В забегаловке отыскал его Григорий Ефимович. Узнал обо всём. Понимал, что надо поддержать, успокоить. Но начал с нотации. Сказал внятно, учительским тоном, последнее дело себя водкой успокаивать, это удел людей слабых, недалёких, а перед тобой иное будущее. Ответил, нет у меня будущего. Я талант свой загубил, я сам виноват. Не надо было из Питера уезжать. Там перспектива, а здесь что, глушь, провинция…

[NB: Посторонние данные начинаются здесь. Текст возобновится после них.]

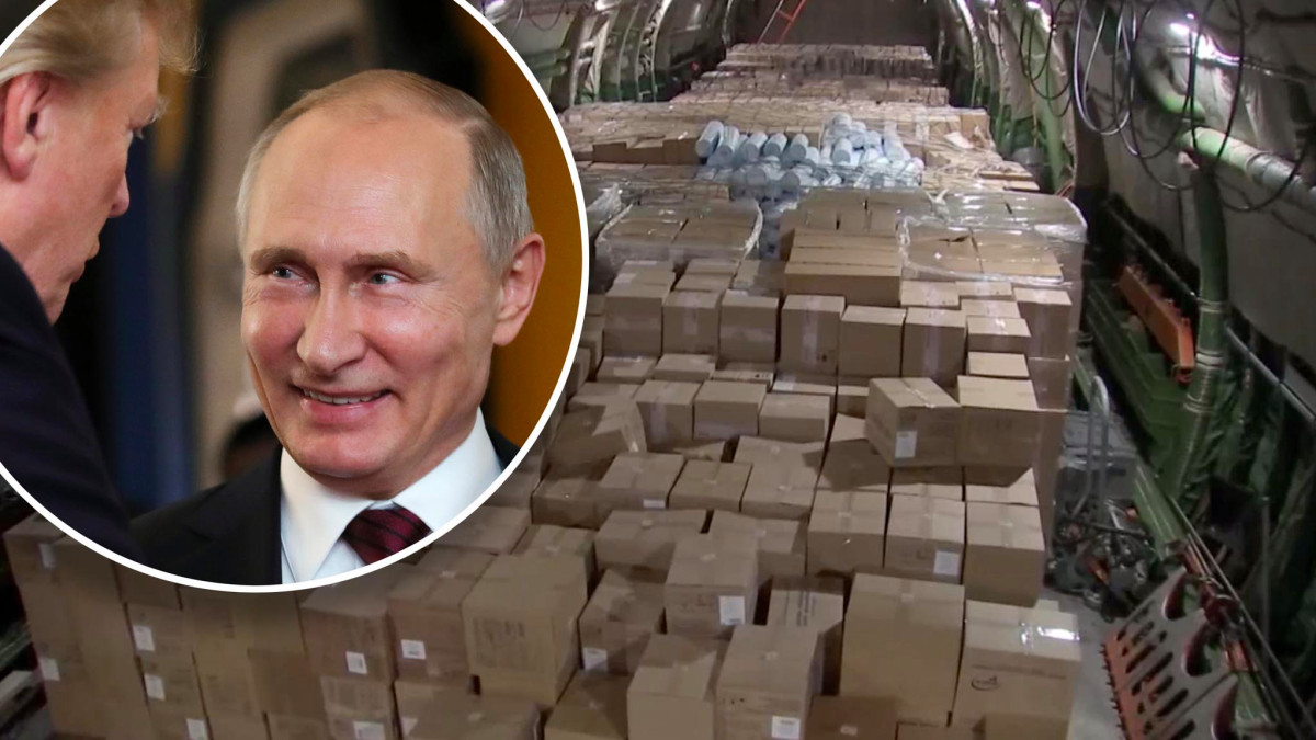 “El avión de la Fuerza Aeroespacial de Rusia con un cargamento de equipamiento médico y mascarillas partió a Estados Unidos”, señala la nota.
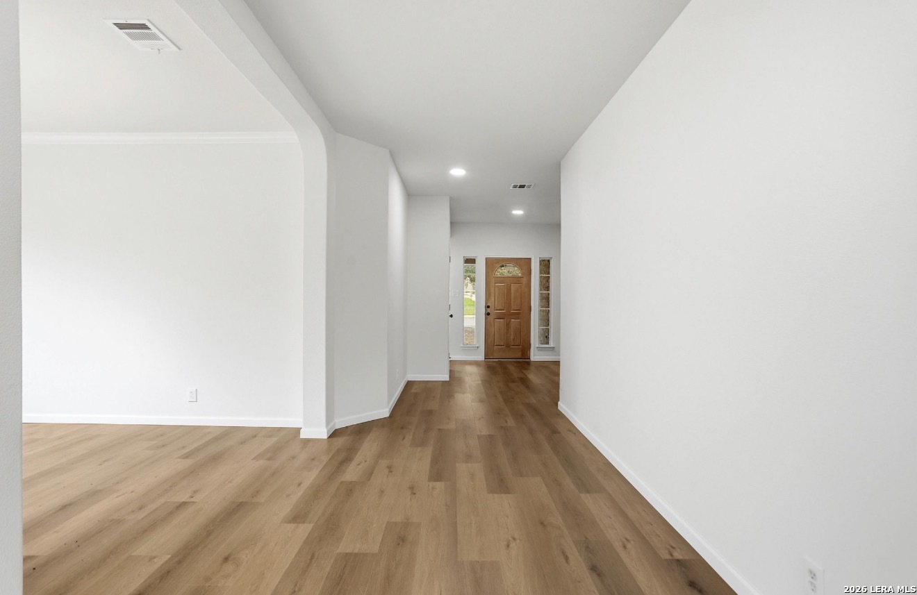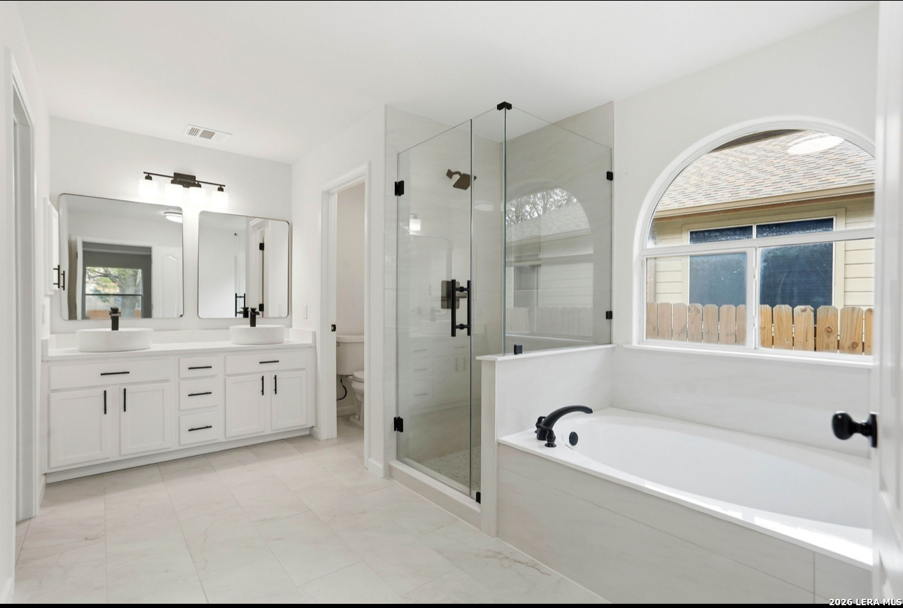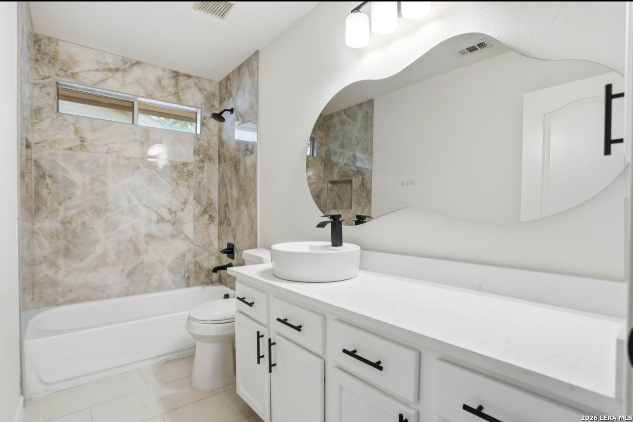 Welcome to this charming spacious renovated home that offers an open floor plan with an office/study big enough to be used for an additional bedroom if desired. This property features a formal dining area with an updated kitchen to include new quartz countertops an eat in kitchen nook making this great for entertaining.The main living area is designed for comfort featuring luxury vinyl plank flooring throughout the main areas of the home. The master retreat offers a peaceful escape with a dual quartz vanity a frameless shower glass and garden tub bath with a large walk-in closet, while two additional bedrooms provide flexibility for family/guest needs. Outside you will find a nice covered patio with mature trees on a greenbelt. This property is conveniently located near Loop 1604 minuets away from shopping schools and entertainment. Come tour this beauty today
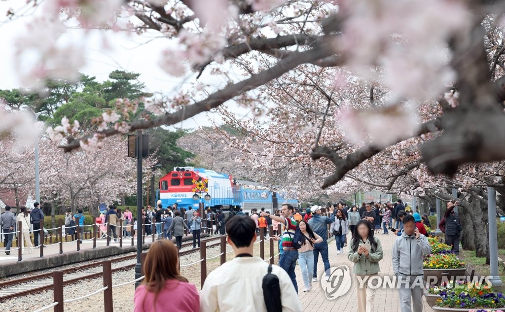 이날 벚꽃 명소로 소문난 진해 경화역(폐역)에는 다양한 연령의 관광객이 몰렸다.
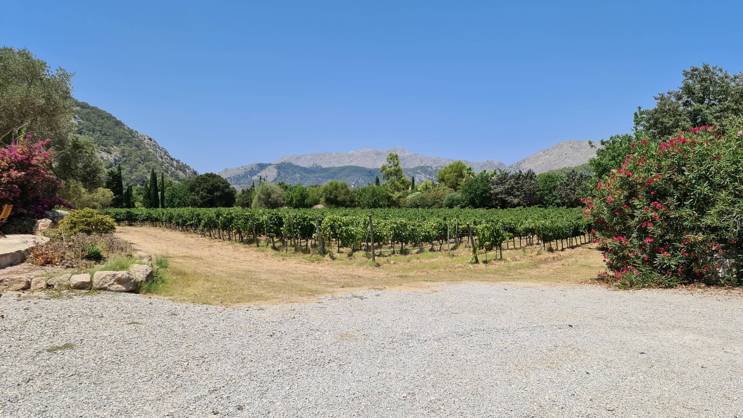 Omdat Cérise dol is op wijn, gaan we op een vakantiebestemming (die dat toelaat) vaak ook nog even langs een wijngaard. Op Mallorca kozen we voor de wijngaard in de buurt van het hotel, Bodegas can Vidalet. Het is een kleine wijngaard in het noorden van Mallorca, waar je terecht kan voor een tasting (op afspraak) of om gewoon langs te rijden om wat wijntjes (en zelfs gin!) te halen. Wij hadden van tevoren geen afspraak gemaakt voor een tasting, dus namen zelf een paar wijntjes mee om thuis te proeven en als souvenir mee te nemen voor onze ouders. De vrouw in de winkel vertelde ons dat ze vanuit Duitsland ook versturen naar Nederland, dus mochten we de wijn erg lekker vinden – dan kunnen we ze nog bestellen vanaf onze bank ;-).
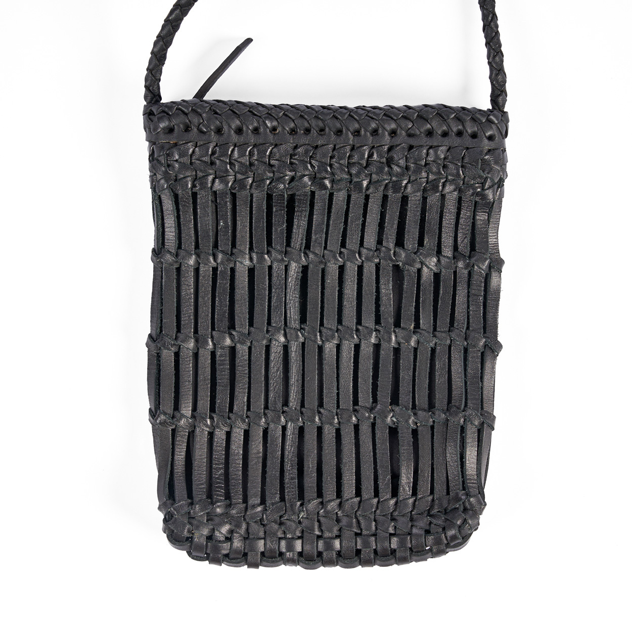 Su perfil estilizado mantiene los objetos esenciales al alcance mientras deja las manos libres, lo que lo hace adecuado para paseos, viajes o trayectos entre destinos. La superficie de cuero trenzado aporta una textura sutil sin peso visual y permite que el material se suavice con el uso.
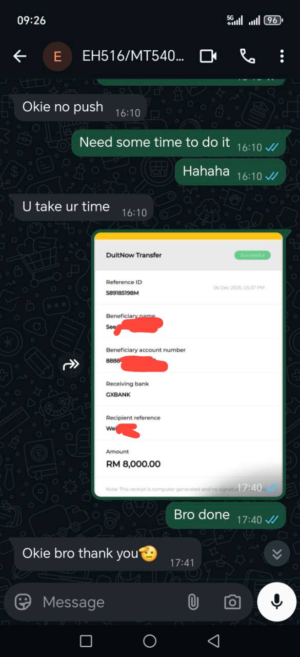 Once approved, the cash is transferred directly to your Malaysian bank account instantly.

И водка подействовала и нотации инженера, так, что жить не хотелось. Разве для того рожден на свет, чтобы до пенсии вдыхать гарь и копоть, смотреть на мир через темное стекло щитка, чувствовать резь в глазах от сварки. Так и не научился беречься от ярких вспышек. И в техникуме, когда обучали сварке, говорил мастер, это не твое, тебе на инженера надо учиться, пространство чертежа видишь, а здесь хватаешь постоянно зайчиков. Зайчиками называли вспышки сварки, на которые неосторожно глянул незащищенным взглядом. После такого, говорят —« зайчика поймал», а в глаза словно песка насыпали, несколько дней отмачивать приходится чаем.
Аврутин уткнулся в грудь Григория Ефимовича и как-то утробно, нутряно выкрикнул: не могу больше, не могу! Жить в этом городе не могу!
– Успокойся, – сказал Григорий Ефимович, – я ведь тоже поначалу не мог, ехал сюда, как в ссылку, но ничего, пообвыкся. И родители успокоились…
– Я никогда не привыкну, что здесь такого, чтобы за эти развалины держаться, – сказал чуть не плача.– Вам хорошо, и отец, и мать есть, а мне и уехать не к кому. Кому я нужен?
– Ты не прав, Вилор, пойми здесь город новый, почти в центре Европы, за ним большое будущее.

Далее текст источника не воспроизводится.